Les enfants sans-abri sont très vulnérables aux agressions. Les délinquants sexuels profitent en effet de leur dénuement et rémunèrent leurs «faveurs». D’après Khuât Thu Hông, de l’Institut de recherche sur le développement social, «le sexe est un tabou profondément ancré dans la culture vietnamienne. Les gens hésitent à parler de viol, de rapports sexuels forcés. De nombreux enfants n’osent pas témoigner».
«Les crimes liés à la pédophilie sont souvent traités lentement», estime l’avocat Lê Van Luân. D’après lui, pour que la police lance une enquête, il doit y avoir des signes tangibles sur le corps de la victime. Une règle jugée «ridicule» par Lê Van Luân, qui estime que la «loi pose problème». En effet, la législation requiert obligatoirement un examen médico-légal. Celui-ci doit être réalisé au plus tôt afin que certaines preuves ne disparaissent pas. Cet examen n’est actuellement pratiqué que dans un nombre restreint d’hôpitaux désignés.
Pour Dang Hoa Nam, chef du Département de protection et de soins des enfants (ministère du Travail, des Invalides de guerre et des Affaires sociales), afin de prévenir et lutter contre les agressions sexuelles sur les mineurs, la participation active de la police des arrondissements et districts est très importante.

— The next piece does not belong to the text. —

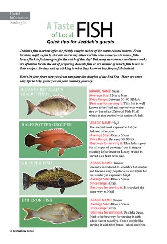 Quick tips for Jeddah’s guests Jeddah’s fish markets offer the freshly caught riches of the warm coastal waters. From taraban, najil, sejan to sha’our and many other varieties too numerous to name, fishlovers flock to fishmongers for the catch of the day! But many newcomers and home cooks are afraid to tackle the art of preparing delicate fish or are unsure of which fish to use in their recipes. So they end up sticking to what they know or buy frozen fish instead. Don’t let your fears stop you from sampling the delights of the Red Sea - Here are some easy tips to help guide you on your culinary journey.
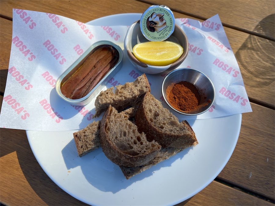 To tantalise our tastebuds we kickstarted with quality, intense, briny Ortiz anchovies with sourdough, loving that Rosa’s provides a thick wedge of fresh lemon and a small side dish of chilli powder to perk matters up ($26, but worth every bite).

Il faut aussi condamner fermement par le biais des médias tous les viols et agressions sexuelles. Notamment, les parents ou enseignants doivent inculquer aux enfants les règles de base pour se protéger. Il faut dire aux enfants qu’ils ont le droit de refuser une proposition d’un adulte même s’ils le connaissent ; que ce n’est pas impoli d’ignorer un adulte qui lui demande de l’accompagner quelque part ; qu’ils doivent se rapprocher d’un groupe de personnes ou entrer dans le magasin le plus proche s’ils se sentent en danger dans la rue ou qu’ils doivent chercher de l’aide jusqu’à ce qu’ils trouvent quelqu’un qui les croie et qui agisse.